Data extracted from a collection
━━━━━━━━

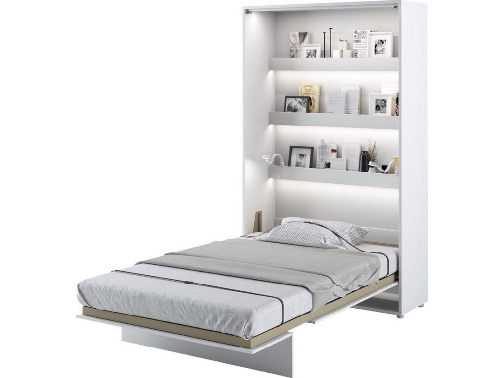 CASA 73026 Vysoká výklopná postel 120 bílá mat. Rozměry viz obrázek. Se sklápěcí postelí Vás už nebude trápit malý prostor Vaší domácnosti. Díky stabilní konstrukci zaručuje pohodlný odpočinek. Pneumatický mechanismus sklápění postele zajistí bezpečné otevírání a je doplněn SOFT CLOSE systémem tichého zavírání. Tento výjimečný systém Vám umožní manipulaci pouze jedním prstem. Když je postel sklopená, vypadá jako běžná skříň. Při lozložení postele má hloubku 228 cm. Vyklopením se vytáhne celá délka postele. Uvnitř skříně jsou praktické police na knížky nebo dekorační předměty, vše máte na dosah ruky. Maximální zatížení polic je 5 kg. Rám je nutno přišroubovat ke zdi, nosnost postele je 150 kg. Rošt postele je v ceně, matrace není součástí, je potřeba ji dokoupit. Doporučujeme velikost 120 x 200 x výšku do 18 cm. Po sklopení postele vzniká prostor pod postelí o výšce 24,9 cm. Nábytek je vyroben z kvalitního lamina s ABS hranou. Lamino je odolné proti poškrábání, poškození, vlhkosti a vysokým teplotám. Postel nabízíme v několika velikostech a barevných provedeních. K posteli je možné dokoupit LED osvětlení. Dodáváme v demontovaném stavu.
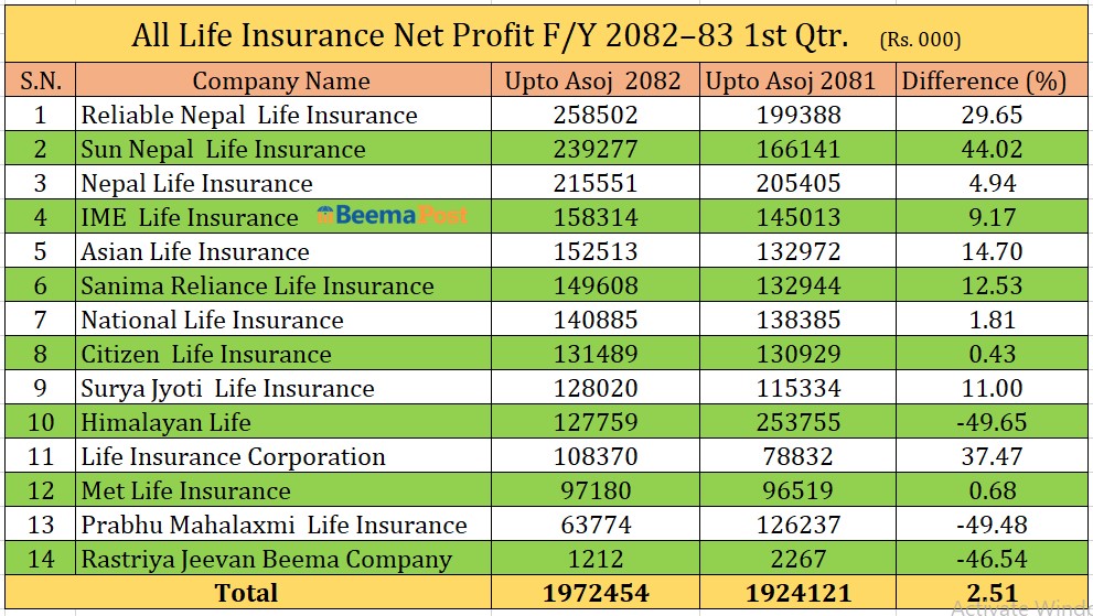 Life Insurance Companies in Nepal Reports 2.51% Net Profit Growth in Q1
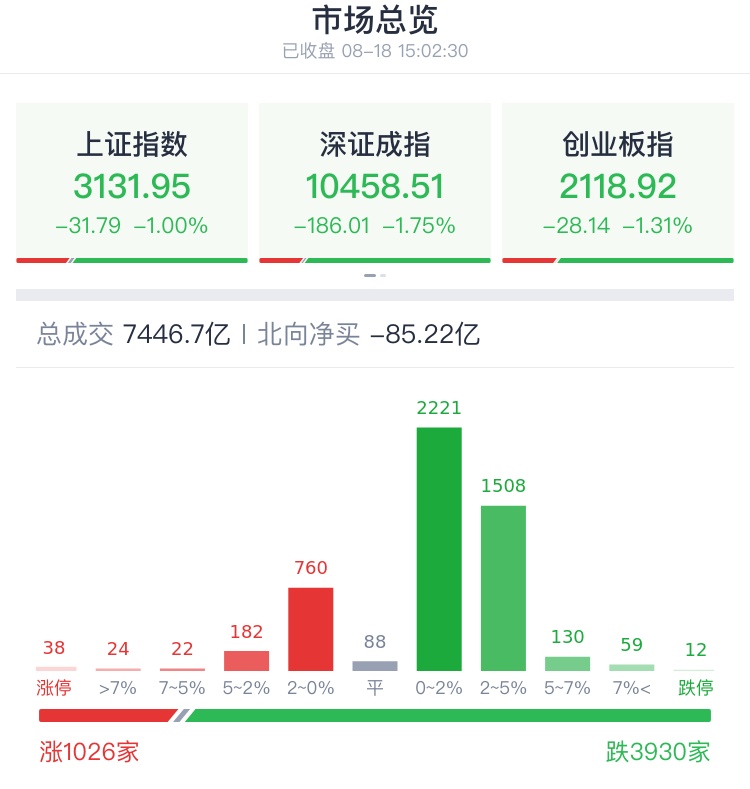 受此影响,今日A股冲高回落,午后持续走弱,深成指再创年内新低!截至收盘,沪指跌1.00%,报3131.95点;深成指跌1.75%,报10458.51点;创业板指跌1.31%,报2118.92点。
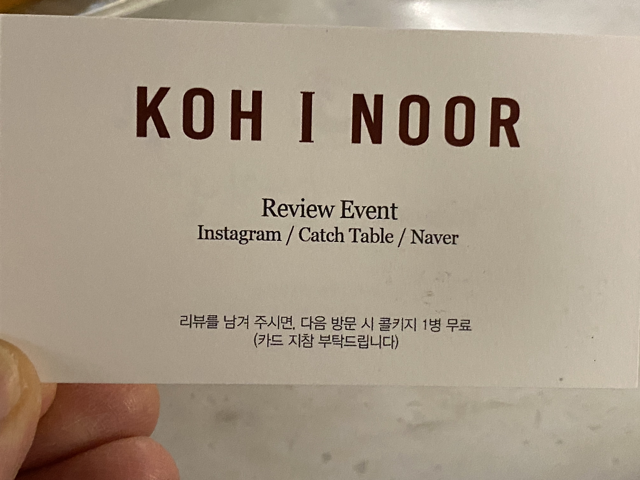 마포구 와우산로에 위치한 코이누르(KohiNoor) 홍대점에서 두 병의 와인을 테이스팅 했는데, 이곳이 콜키지 프리였는지는 정확히 기억이 나지 않는다. 다만, 콜프가 아니었더라도 병당 차지(Charge)가 저렴했을 것이다. 콜키지 비용이 비싼 곳에는 굳이 와인을 들고 가지 않기 때문이다.
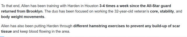 阿伦透露,哈登返回休斯顿后,一周会进行3-4次训练,主要训练内容在于核心、稳定性、体重和移动等。他也会注意哈登的腿筋问题,避免旧伤复发, 保持相应区域的血液畅通。训练师相信,通过休赛期的调整和恢复,哈登走出上赛季的季后赛低谷,重返巅峰,联手欧文和杜兰特再次冲击总冠军。
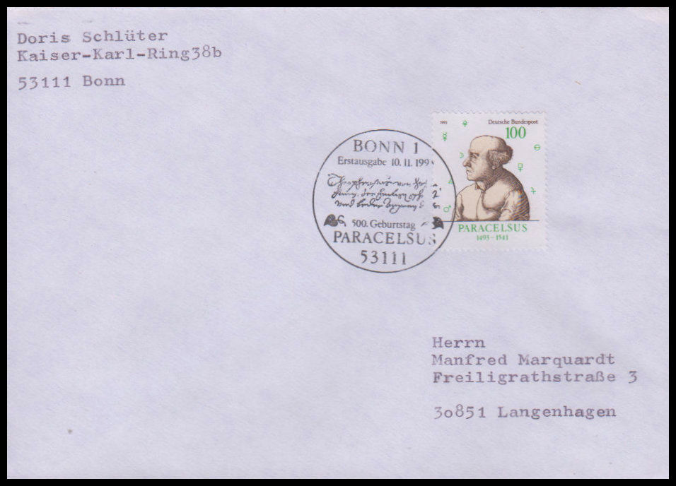 1993, 500. Geburtstag von ParacelsusErsttagsbrief
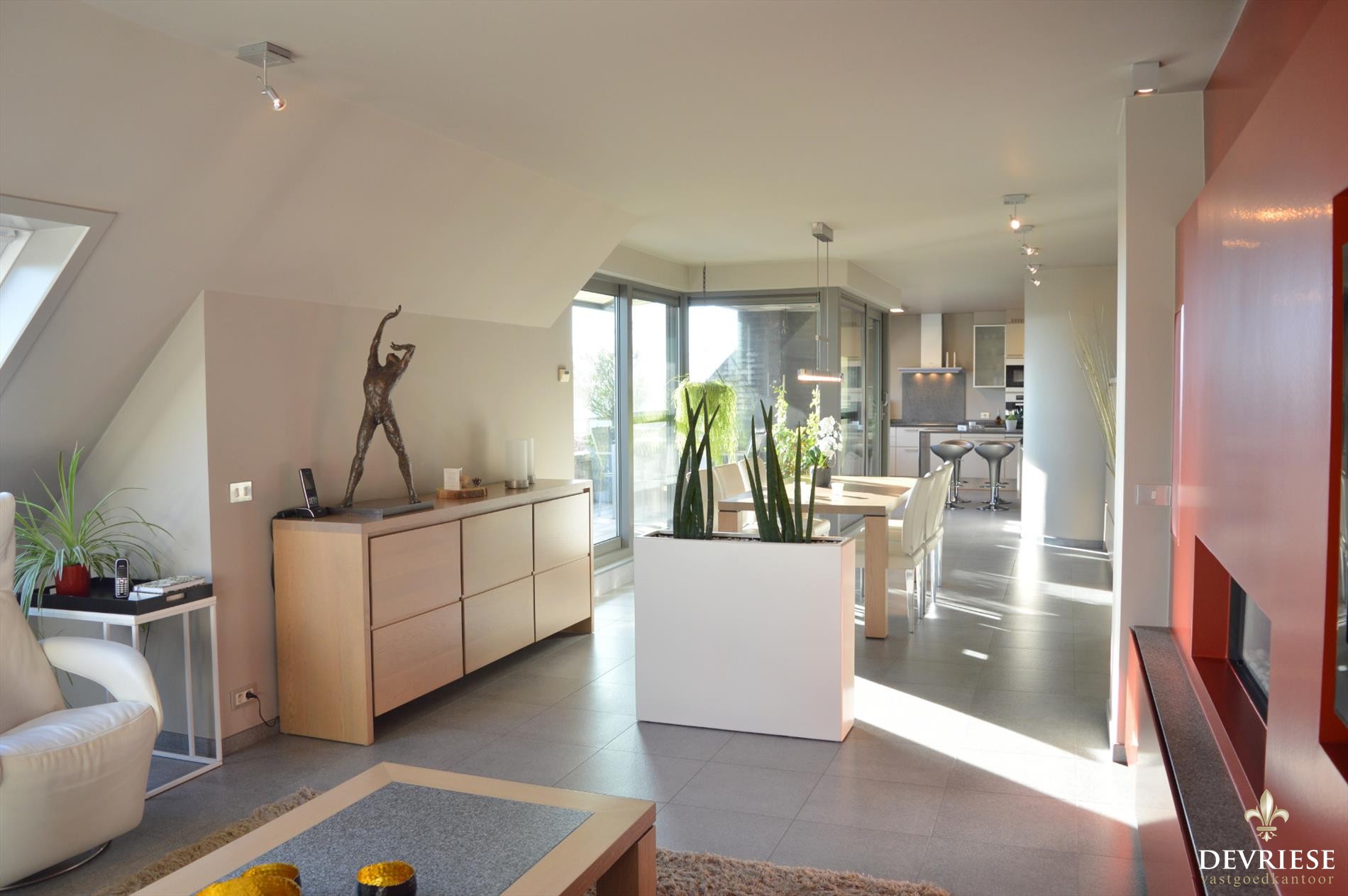 De privé-lift brengt ons rechtstreeks naar deze smaakvol ingerichte penthouse van 134m².
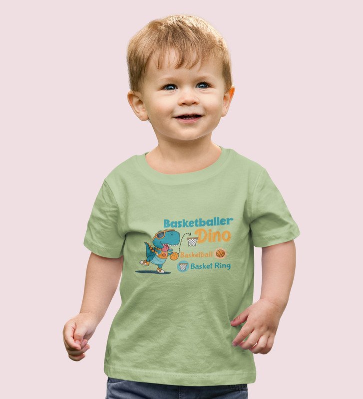 Basketballer Dino, Printed Cotton T-shirt (olive green) for Boys
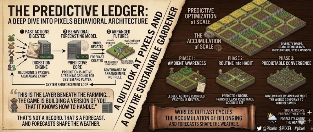 This is the layer beneath the farming. Beneath the tasks. Beneath the token. The game looks like a world. But it's also a training ground—for the player, yes, but more importantly for the system that's quietly learning what you'll do before you do it. Every session feeds the model. Every routine makes you more legible. Every small alignment between your behavior and the system's expectation tightens the loop a little further.
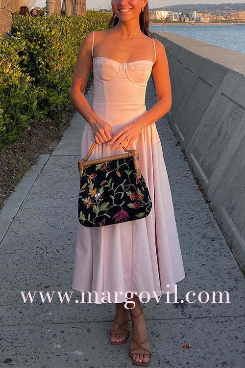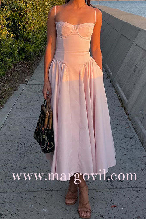 Margovil Spaghetti Strap Pocketed Corset Swing Midi Dress
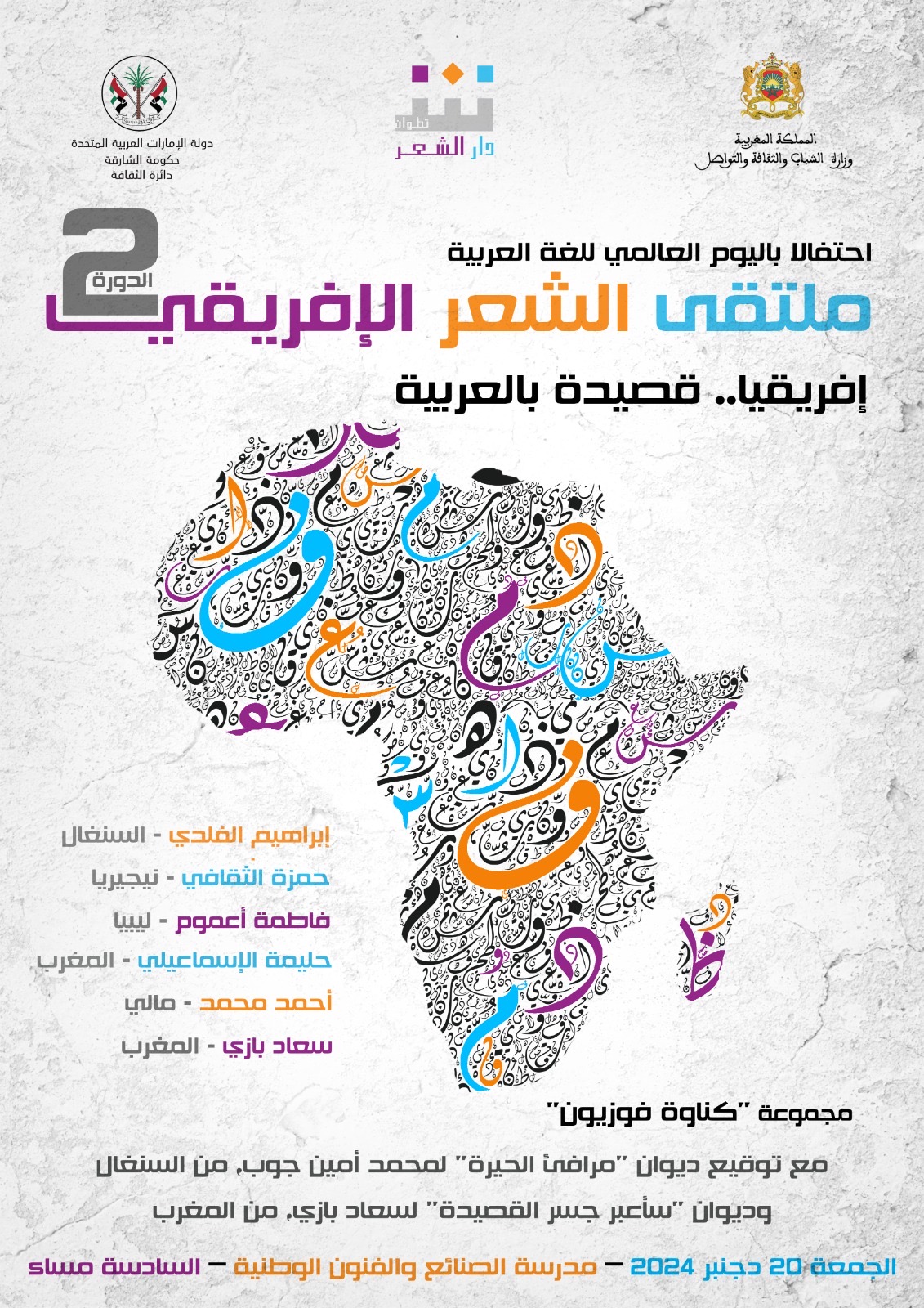 وتنعقد هذه الدورة تحت شعار “إفريقيا.. قصيدة بالعربية”، بمشاركة الشاعر إبراهيم الفلدي من السنغال والشاعر حمزة الثقافي من نيجيريا والشاعرة فاطمة أعموم من ليبيا والشاعرة حليمة الإسماعيلي من المغرب والشاعر أحمد محمد من مالي والشاعرة سعاد بازي من المغرب. كما يشهد الملتقى تقديم وتوقيع ديوان “مرافئ الحيرة” للشاعر السنغالي محمد أمين جوب، وديوان “سأعبر جسر القصيدة” للشاعرة المغربية سعاد بازي.
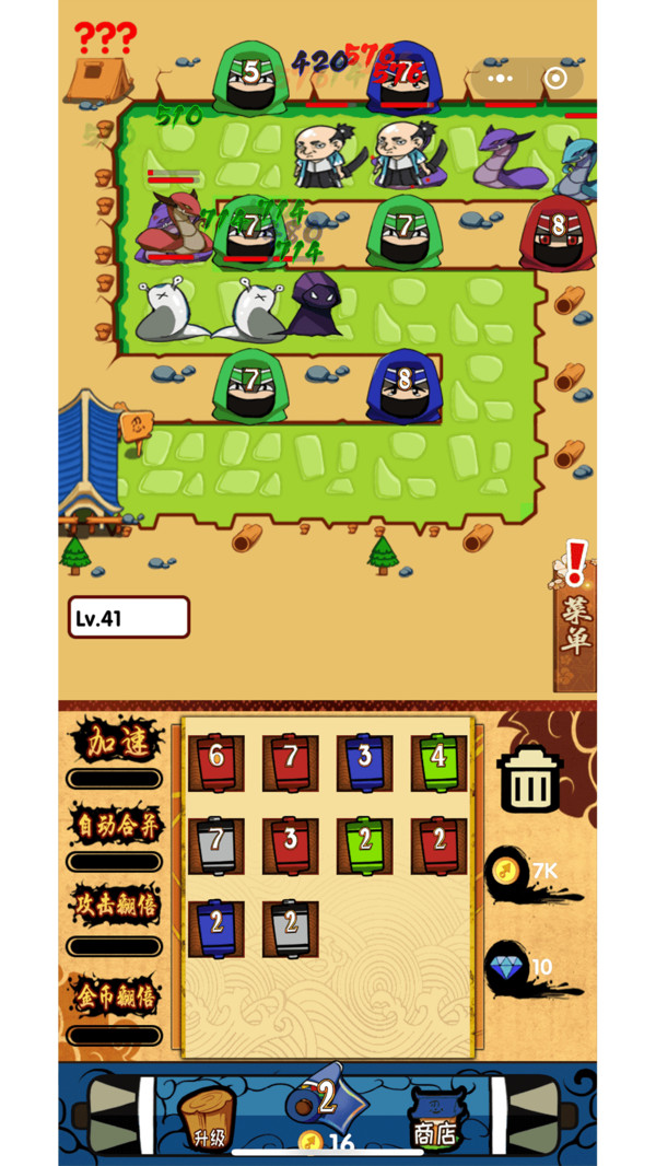 不断的合成最强的忍者,帮助自己在战斗的过程中更快的消灭敌人。
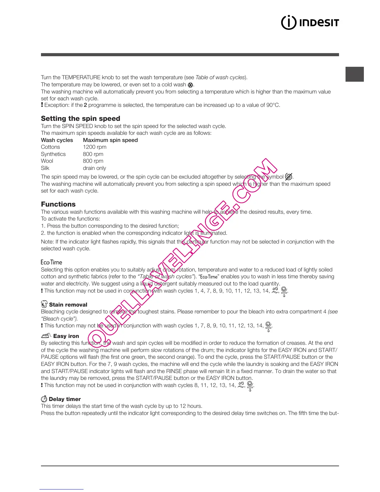 By selecting this function, the wash and spin cycles will be modified in order to reduce the formation of creases. At the end
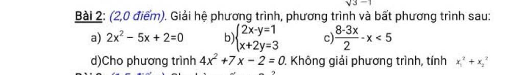 `d)` Ta cho `PT(1)` là: `4x^{2}+7x-2=0`
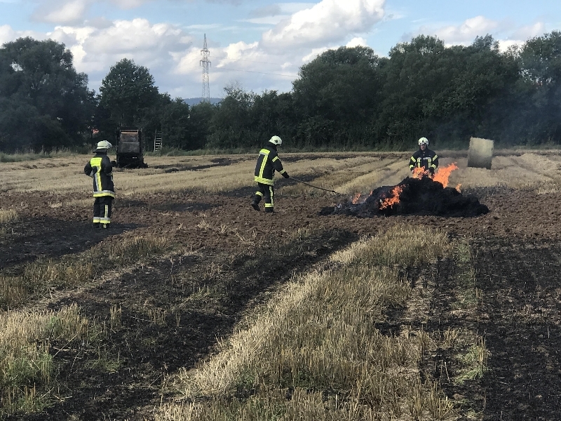 Die Ballenpresse sowie die in Flammen stehende Fläche wurdne mit 3 C-Rohren abgelöscht. Um eine Brandausbreitung auf die benachbarten Felder, sowie eines angrenzenden Wäldchens zu verhindern, wurde die Fläche aufgegrubbert.
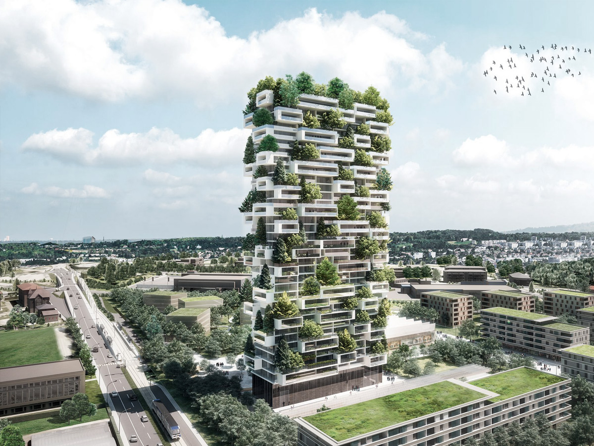 Seit 2015 wächst in Mai­land der Wald ver­ti­kal. Bosco Ver­ticale ist ein vom Archi­tek­ten Ste­fa­no Boe­ri ent­wor­fe­ner Wohn­kom­plex aus zwei Tür­men, 110 und 80 Meter hoch. Rund 800 Bäu­me, Tau­sen­de von Sträu­chern und Stau­den gedei­hen hier auf Bal­ko­nen und Ter­ras­sen. Ver­mark­tet wird der Kom­plex als Bei­trag zur öko­lo­gi­schen Stadt­er­neue­rung. Inmit­ten einer Stadt, die seit Jahr­zehn­ten ver­geb­lich gegen die Luft­ver­schmut­zung ankämpft, sol­len sich nun die kli­ma­ti­schen und ästhe­ti­schen Qua­li­tä­ten des Wal­des rei­ni­gend ent­fal­ten. In Lau­sanne baut Boe­ri mit dem Tour des Cèd­res einen wei­te­ren Wald­turm. In der chi­ne­si­schen Stadt Shi­jiaz­huang plant er gar eine gan­ze Forest City für 100.000 Menschen.
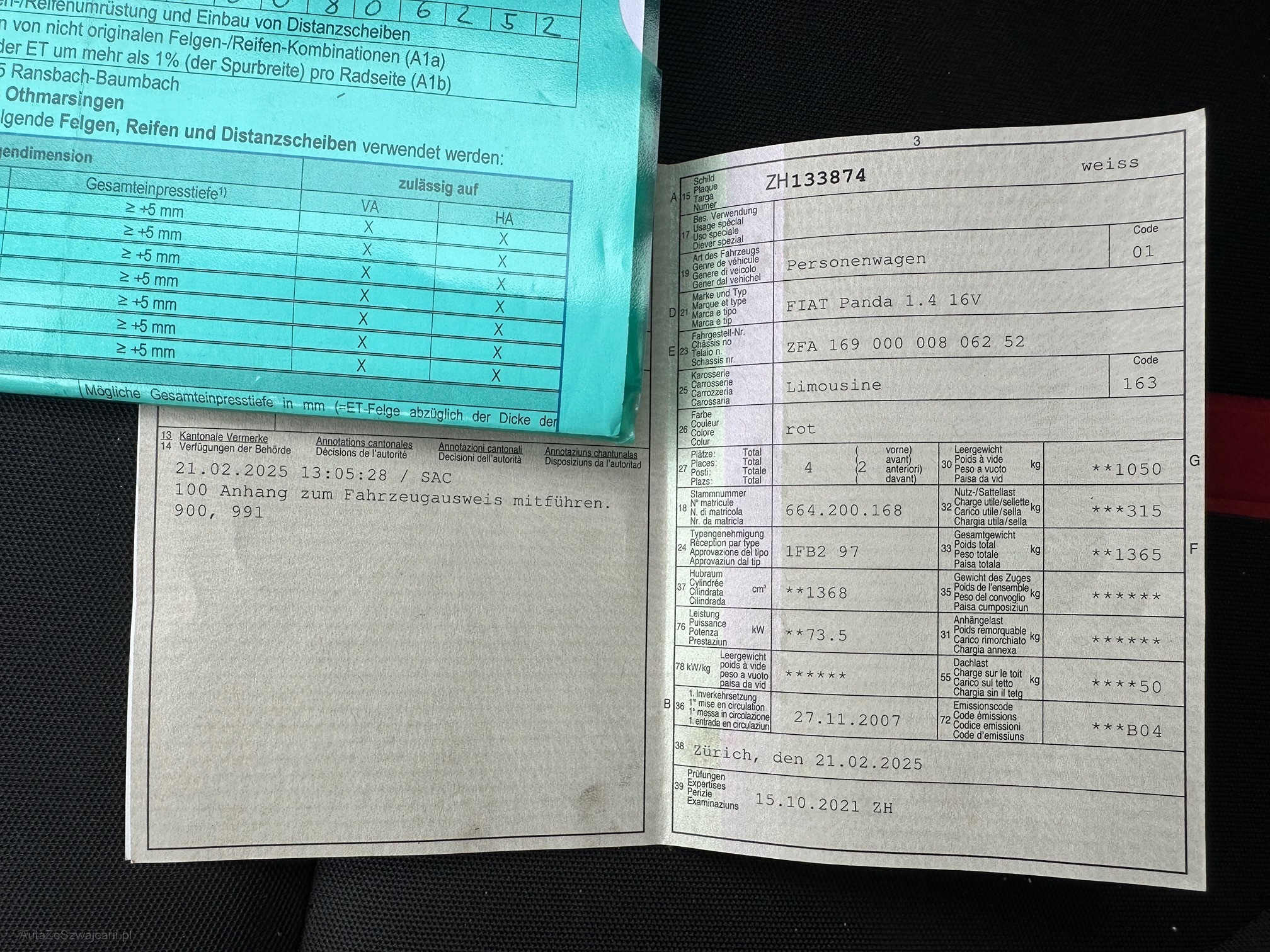 | Kommentar | Ergebnis nach Kurztest: Antriebswellenmanchetten innen rissig/undicht. Ölspuren am Motor. Handbremsseil harzt. Stossstange vorne Farbabplatzer. weitere Mängel möglich. |
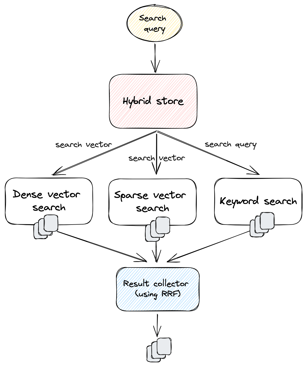 The interesting part is that our hybrid search store itself implements the DocumentStore interface. This means that, from the perspective of the caller, it doesn't matter whether they are interacting with a single store or our complex hybrid store — they use the same interface and methods. This design ensures that all of the logic for determining which documents are retrieved is hidden from the caller and can be tested separately. To implement the hybrid store, we passed in multiple child document stores and parallelized the search across all of the child stores.

━━━━━━━━

> [Assignment]:
Print, without pictures, exactly the lines from the one containing "Seit 2015 wächst" through the final line of the records above.

> [Task response]:
 Seit 2015 wächst in Mai­land der Wald ver­ti­kal. Bosco Ver­ticale ist ein vom Archi­tek­ten Ste­fa­no Boe­ri ent­wor­fe­ner Wohn­kom­plex aus zwei Tür­men, 110 und 80 Meter hoch. Rund 800 Bäu­me, Tau­sen­de von Sträu­chern und Stau­den gedei­hen hier auf Bal­ko­nen und Ter­ras­sen. Ver­mark­tet wird der Kom­plex als Bei­trag zur öko­lo­gi­schen Stadt­er­neue­rung. Inmit­ten einer Stadt, die seit Jahr­zehn­ten ver­geb­lich gegen die Luft­ver­schmut­zung ankämpft, sol­len sich nun die kli­ma­ti­schen und ästhe­ti­schen Qua­li­tä­ten des Wal­des rei­ni­gend ent­fal­ten. In Lau­sanne baut Boe­ri mit dem Tour des Cèd­res einen wei­te­ren Wald­turm. In der chi­ne­si­schen Stadt Shi­jiaz­huang plant er gar eine gan­ze Forest City für 100.000 Menschen.
 | Kommentar | Ergebnis nach Kurztest: Antriebswellenmanchetten innen rissig/undicht. Ölspuren am Motor. Handbremsseil harzt. Stossstange vorne Farbabplatzer. weitere Mängel möglich. |
 The interesting part is that our hybrid search store itself implements the DocumentStore interface. This means that, from the perspective of the caller, it doesn't matter whether they are interacting with a single store or our complex hybrid store — they use the same interface and methods. This design ensures that all of the logic for determining which documents are retrieved is hidden from the caller and can be tested separately. To implement the hybrid store, we passed in multiple child document stores and parallelized the search across all of the child stores.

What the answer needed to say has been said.